Covington is hiring an outside company to collect delinquent taxes in other to protect the ability of police officers, firefighters, and public works employees to help residents.
Services, residents suffer when people skip out of paying
COVINGTON, Ky. - Residents and businesses who pay taxes to the City of Covington shouldn’t be forced to make higher payments - or receive fewer services - because their neighbors refuse to pay their own taxes.
That’s the premise behind the Covington City Commission’s decision to hire an expert to collect delinquent taxes that have been on the books for years.
“We’re taking this step to ensure fairness,” said Muhammed Owusu, Covington’s Finance Director. “When people don’t pay their taxes, they increase the burden on the rest of us to fully fund critical services related to public protection, smooth streets and sidewalks, and job creation.”
The City Commission voted 5-0 Tuesday night to accept the bid of Avenu Insights & Analytics LLC for a three-year period with an option to renew for two one-year periods.
The company has two tasks, Owusu said, the first relatively straightforward and the second more complicated:
- Recover past-due property taxes, which are thought to total approximately $2.7 million for the calendar years 2015-2017 alone. The amounts of these bills are generally known, it’s just a matter of being persistent about collecting them, he said.
- Recover occupational (or business net profit) taxes owed the City by first identifying or “discovering” companies that should have registered with the City but didn’t, and then collecting those taxes.
The City is legally permitted to go back 11 years for property taxes and seven years for occupational license taxes.
The contract will not cost taxpayers upfront. Rather, the company will be paid out of the taxes it collects - 25 percent of the delinquent property taxes and 40 percent of the delinquent occupational taxes it “discovers” and collects. The law allows the City to pay the company by assessing an additional fee on top of the taxes collected, but officials have decided not to assess that fee and instead pay the company out of the collections.
However, the City will assess penalties and interest on the back taxes.
Owusu assured the City Commission that the company won’t be going after people who are “a little late” on their taxes.
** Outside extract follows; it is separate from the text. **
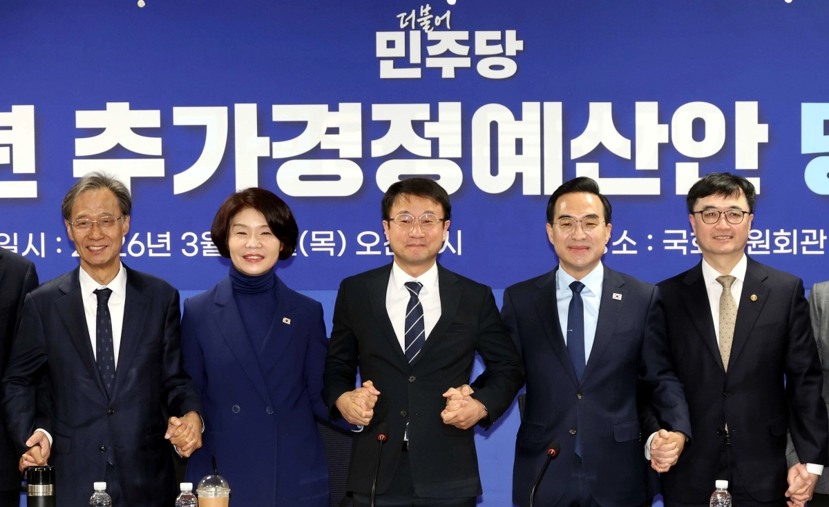 박홍근 기획예산처 장관, 한병도 더불어민주당 원내대표, 한정애 정책위의장 등이 26일 국회의원회관에서 열린 2026년 추가경정예산안 당정 협의에서 기념 촬영을 하고 있다. 왼쪽부터 민주당 유동수 의원, 한 의장, 한 원내대표, 박 장관, 임기근 기획예산처 차관. 2026.03.26.

It will target so-called difficult debts that have been on the books for at least a couple of years despite previous efforts to collect.
The collective amount of these debts is high because until recently, the Finance Department was left severely understaffed by decisions to leave vacant positions unfilled, Owusu said.
City Manager David Johnston said that most residents should welcome the initiative, since every uncollected dollar is a dollar “stolen away” from police and fire protection, job creation, street infrastructure, and the code inspections that protect the health and safety of neighbors from threats near their homes.
“Taxes are an investment in a stronger City and a higher quality of life for all of us,” Johnston said. “Those who try to avoid paying their share either make the costs go up for everyone else or limit the quality of the services we can provide.”